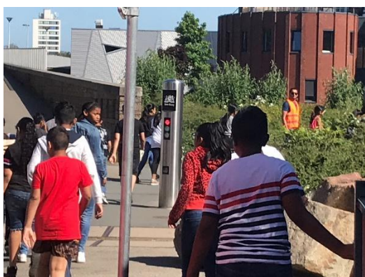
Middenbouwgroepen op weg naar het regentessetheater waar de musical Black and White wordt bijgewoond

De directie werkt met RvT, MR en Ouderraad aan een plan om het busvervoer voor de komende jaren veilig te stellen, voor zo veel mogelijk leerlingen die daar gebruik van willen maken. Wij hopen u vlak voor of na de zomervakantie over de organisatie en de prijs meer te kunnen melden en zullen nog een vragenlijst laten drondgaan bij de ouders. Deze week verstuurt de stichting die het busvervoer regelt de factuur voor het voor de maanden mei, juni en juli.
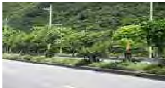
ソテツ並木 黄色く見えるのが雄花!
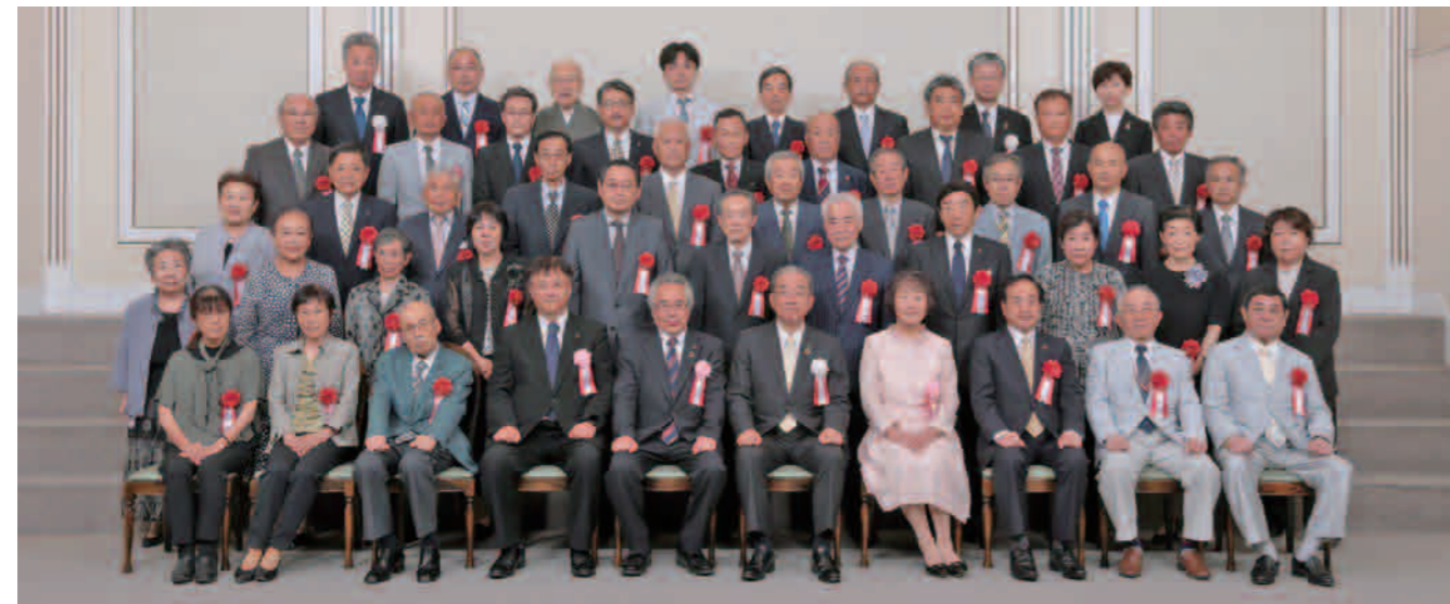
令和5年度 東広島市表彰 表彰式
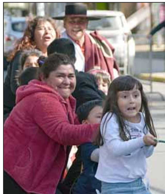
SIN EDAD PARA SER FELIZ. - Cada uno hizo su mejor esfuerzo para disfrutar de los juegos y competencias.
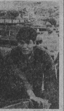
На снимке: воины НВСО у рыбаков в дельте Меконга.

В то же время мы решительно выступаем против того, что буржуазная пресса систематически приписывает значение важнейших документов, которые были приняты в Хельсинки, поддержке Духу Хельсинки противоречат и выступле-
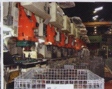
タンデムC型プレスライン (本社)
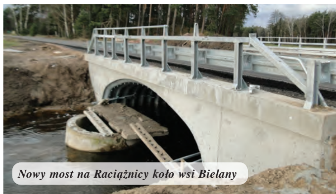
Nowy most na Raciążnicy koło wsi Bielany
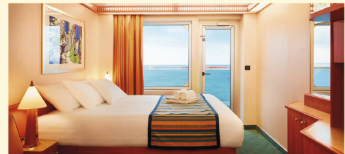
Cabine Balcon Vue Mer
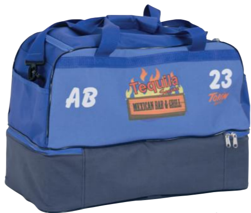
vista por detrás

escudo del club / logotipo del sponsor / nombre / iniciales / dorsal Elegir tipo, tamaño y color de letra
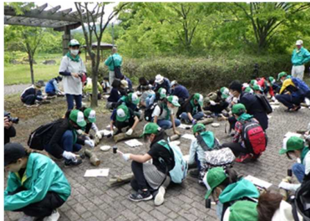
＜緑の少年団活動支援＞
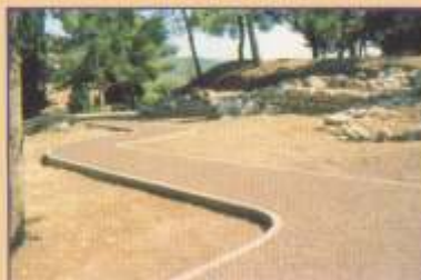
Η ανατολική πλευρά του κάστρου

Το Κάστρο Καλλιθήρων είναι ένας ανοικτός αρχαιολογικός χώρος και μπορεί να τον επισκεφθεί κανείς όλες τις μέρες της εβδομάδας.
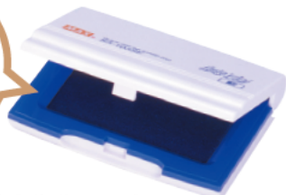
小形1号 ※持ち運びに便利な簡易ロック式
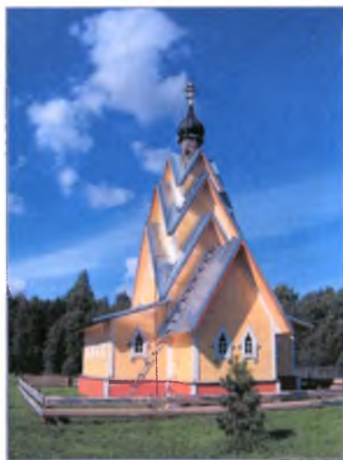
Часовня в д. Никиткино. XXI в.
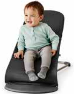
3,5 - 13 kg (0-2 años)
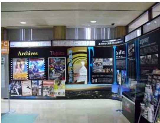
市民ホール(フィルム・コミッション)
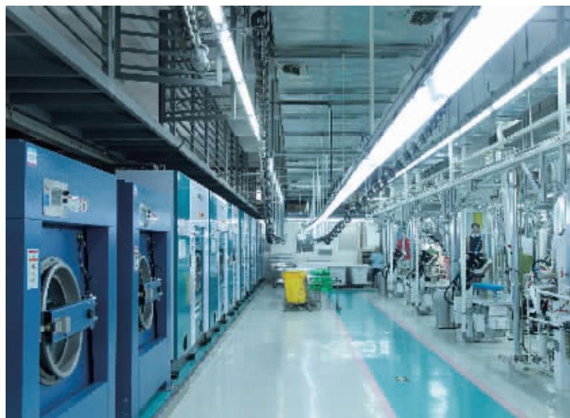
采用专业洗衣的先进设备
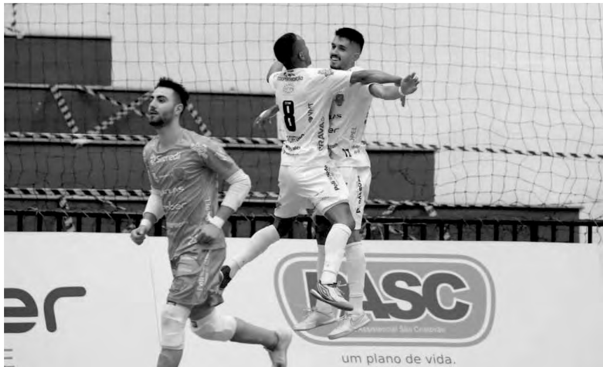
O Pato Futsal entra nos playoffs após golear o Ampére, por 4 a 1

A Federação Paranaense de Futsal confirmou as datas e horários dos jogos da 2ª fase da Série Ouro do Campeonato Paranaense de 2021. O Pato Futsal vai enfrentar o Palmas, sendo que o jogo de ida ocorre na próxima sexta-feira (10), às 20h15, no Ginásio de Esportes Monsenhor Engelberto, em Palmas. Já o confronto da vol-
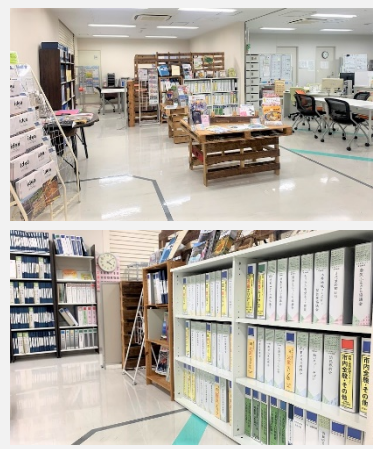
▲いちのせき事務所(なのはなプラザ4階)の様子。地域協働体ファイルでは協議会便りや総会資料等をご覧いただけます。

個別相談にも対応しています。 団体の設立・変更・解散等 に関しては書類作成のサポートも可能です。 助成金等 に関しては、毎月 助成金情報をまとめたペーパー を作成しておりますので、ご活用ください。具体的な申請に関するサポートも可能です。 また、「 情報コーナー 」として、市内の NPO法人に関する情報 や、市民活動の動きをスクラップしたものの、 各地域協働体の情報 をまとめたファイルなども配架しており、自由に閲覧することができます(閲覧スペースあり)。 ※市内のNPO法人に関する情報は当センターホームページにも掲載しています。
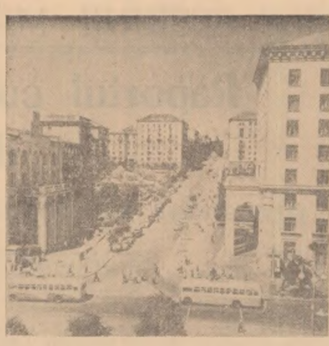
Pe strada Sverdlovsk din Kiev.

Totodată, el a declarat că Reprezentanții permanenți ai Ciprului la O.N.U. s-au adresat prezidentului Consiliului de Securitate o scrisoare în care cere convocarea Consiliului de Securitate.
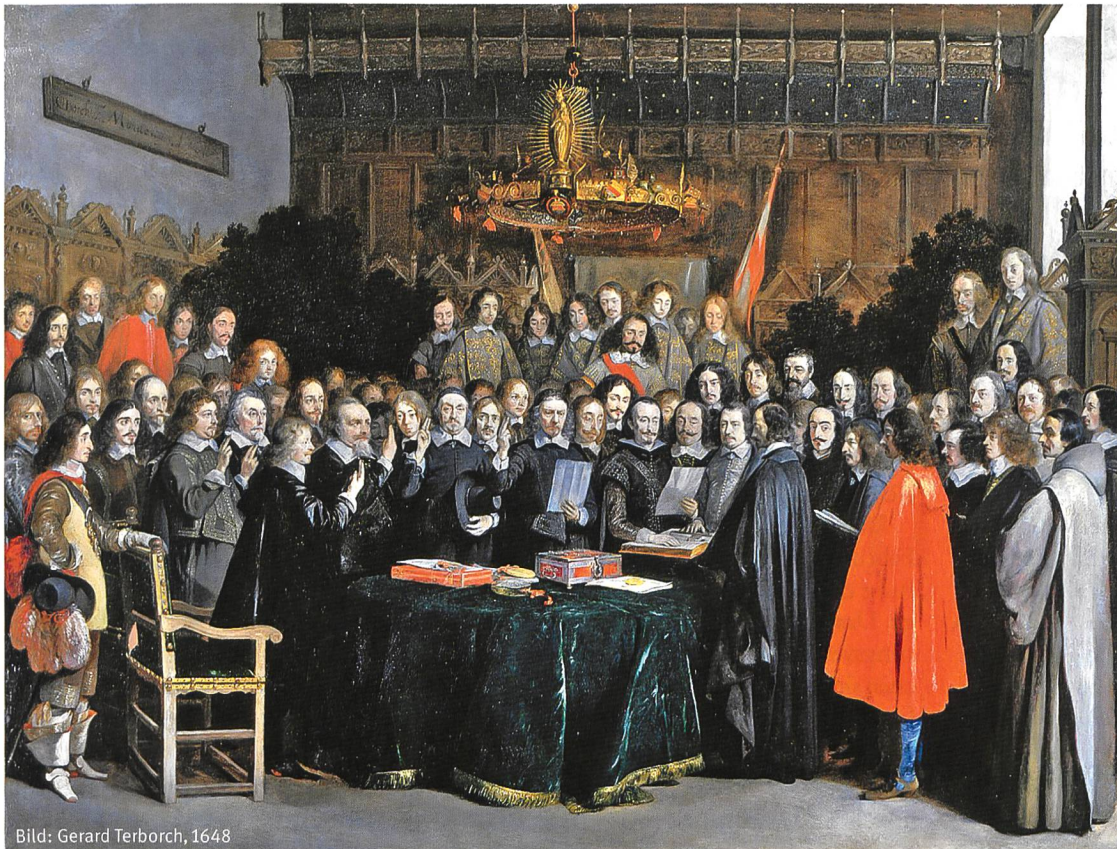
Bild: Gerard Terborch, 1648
○ ○ ○ ○ ○ ○ ○
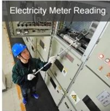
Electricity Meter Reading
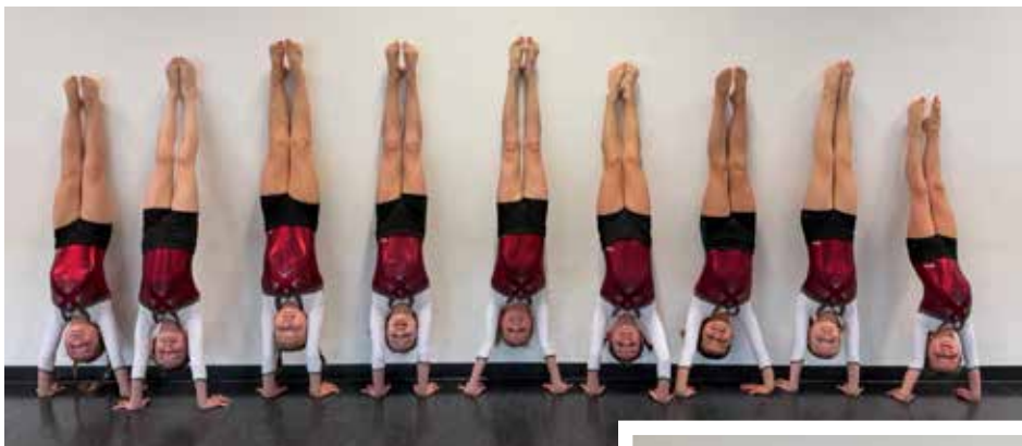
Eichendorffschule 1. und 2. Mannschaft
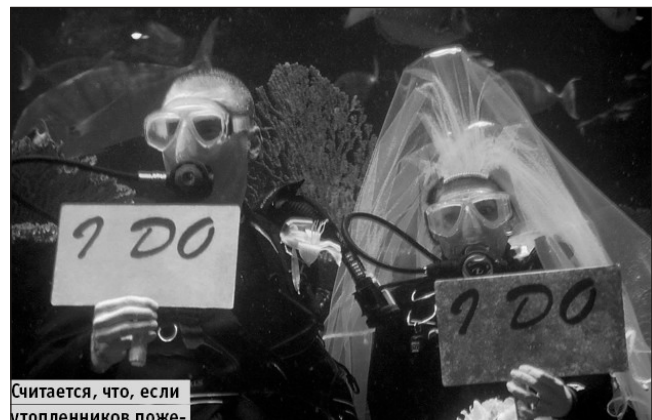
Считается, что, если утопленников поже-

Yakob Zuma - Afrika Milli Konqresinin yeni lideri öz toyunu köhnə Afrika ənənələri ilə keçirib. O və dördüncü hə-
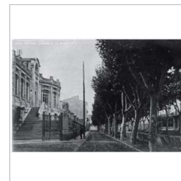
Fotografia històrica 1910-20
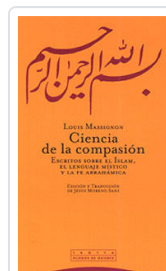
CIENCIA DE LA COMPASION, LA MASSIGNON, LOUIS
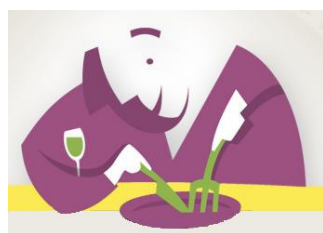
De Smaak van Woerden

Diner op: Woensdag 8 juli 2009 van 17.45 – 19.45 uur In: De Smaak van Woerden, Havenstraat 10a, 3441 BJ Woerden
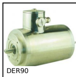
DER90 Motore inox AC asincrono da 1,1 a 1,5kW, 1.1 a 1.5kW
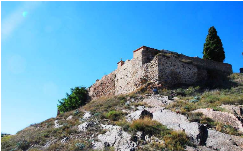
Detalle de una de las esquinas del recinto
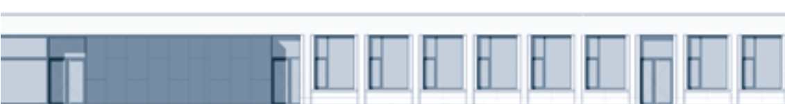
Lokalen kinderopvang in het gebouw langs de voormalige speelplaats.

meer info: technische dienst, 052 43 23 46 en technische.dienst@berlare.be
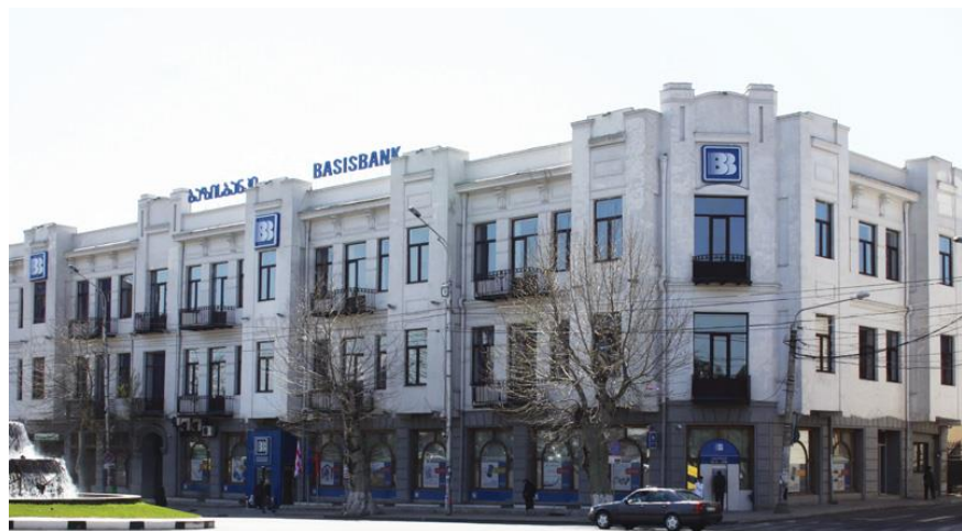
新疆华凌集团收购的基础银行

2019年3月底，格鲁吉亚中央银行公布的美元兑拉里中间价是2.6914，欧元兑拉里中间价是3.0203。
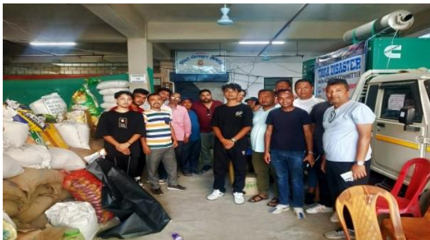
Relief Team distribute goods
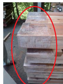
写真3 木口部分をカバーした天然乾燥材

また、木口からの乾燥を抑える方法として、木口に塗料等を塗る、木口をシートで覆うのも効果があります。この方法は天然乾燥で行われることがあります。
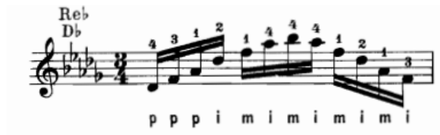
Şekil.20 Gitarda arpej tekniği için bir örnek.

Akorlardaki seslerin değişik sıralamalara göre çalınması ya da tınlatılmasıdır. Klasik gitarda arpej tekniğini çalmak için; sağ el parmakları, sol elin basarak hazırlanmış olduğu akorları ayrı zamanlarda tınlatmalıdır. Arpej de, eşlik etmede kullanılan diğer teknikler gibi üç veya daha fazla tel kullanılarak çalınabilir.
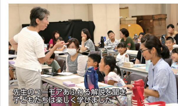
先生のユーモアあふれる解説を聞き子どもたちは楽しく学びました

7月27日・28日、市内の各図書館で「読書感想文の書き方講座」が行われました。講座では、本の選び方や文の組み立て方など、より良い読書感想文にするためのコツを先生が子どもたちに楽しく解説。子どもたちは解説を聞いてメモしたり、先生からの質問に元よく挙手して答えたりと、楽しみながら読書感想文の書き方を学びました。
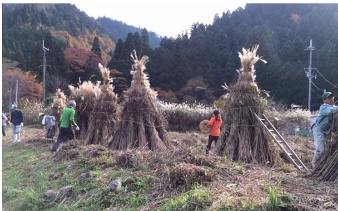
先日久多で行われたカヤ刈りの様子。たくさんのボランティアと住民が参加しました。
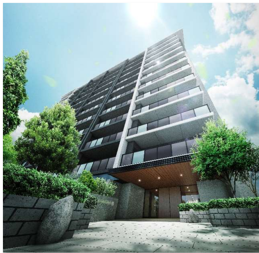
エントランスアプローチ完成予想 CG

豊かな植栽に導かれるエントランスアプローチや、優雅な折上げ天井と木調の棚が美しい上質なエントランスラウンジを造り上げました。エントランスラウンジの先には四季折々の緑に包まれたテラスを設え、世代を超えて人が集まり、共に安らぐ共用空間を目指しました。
○ ○ ○ ○ ○ ○ ○
Although pictures appear among the records above, write out exactly only the lines from the one that has "В то же время" through the one that has "Bild: Gerard Terborch, 1648", and leave the pictures out.

Answer below:
В то же время мы решительно выступаем против того, что буржуазная пресса систематически приписывает значение важнейших документов, которые были приняты в Хельсинки, поддержке Духу Хельсинки противоречат и выступле-
タンデムC型プレスライン (本社)
Nowy most na Raciążnicy koło wsi Bielany
Cabine Balcon Vue Mer
vista por detrás

escudo del club / logotipo del sponsor / nombre / iniciales / dorsal Elegir tipo, tamaño y color de letra
＜緑の少年団活動支援＞
Η ανατολική πλευρά του κάστρου

Το Κάστρο Καλλιθήρων είναι ένας ανοικτός αρχαιολογικός χώρος και μπορεί να τον επισκεφθεί κανείς όλες τις μέρες της εβδομάδας.
小形1号 ※持ち運びに便利な簡易ロック式
Часовня в д. Никиткино. XXI в.
3,5 - 13 kg (0-2 años)
市民ホール(フィルム・コミッション)
采用专业洗衣的先进设备
O Pato Futsal entra nos playoffs após golear o Ampére, por 4 a 1

A Federação Paranaense de Futsal confirmou as datas e horários dos jogos da 2ª fase da Série Ouro do Campeonato Paranaense de 2021. O Pato Futsal vai enfrentar o Palmas, sendo que o jogo de ida ocorre na próxima sexta-feira (10), às 20h15, no Ginásio de Esportes Monsenhor Engelberto, em Palmas. Já o confronto da vol-
▲いちのせき事務所(なのはなプラザ4階)の様子。地域協働体ファイルでは協議会便りや総会資料等をご覧いただけます。

個別相談にも対応しています。 団体の設立・変更・解散等 に関しては書類作成のサポートも可能です。 助成金等 に関しては、毎月 助成金情報をまとめたペーパー を作成しておりますので、ご活用ください。具体的な申請に関するサポートも可能です。 また、「 情報コーナー 」として、市内の NPO法人に関する情報 や、市民活動の動きをスクラップしたものの、 各地域協働体の情報 をまとめたファイルなども配架しており、自由に閲覧することができます(閲覧スペースあり)。 ※市内のNPO法人に関する情報は当センターホームページにも掲載しています。
Pe strada Sverdlovsk din Kiev.

Totodată, el a declarat că Reprezentanții permanenți ai Ciprului la O.N.U. s-au adresat prezidentului Consiliului de Securitate o scrisoare în care cere convocarea Consiliului de Securitate.
Bild: Gerard Terborch, 1648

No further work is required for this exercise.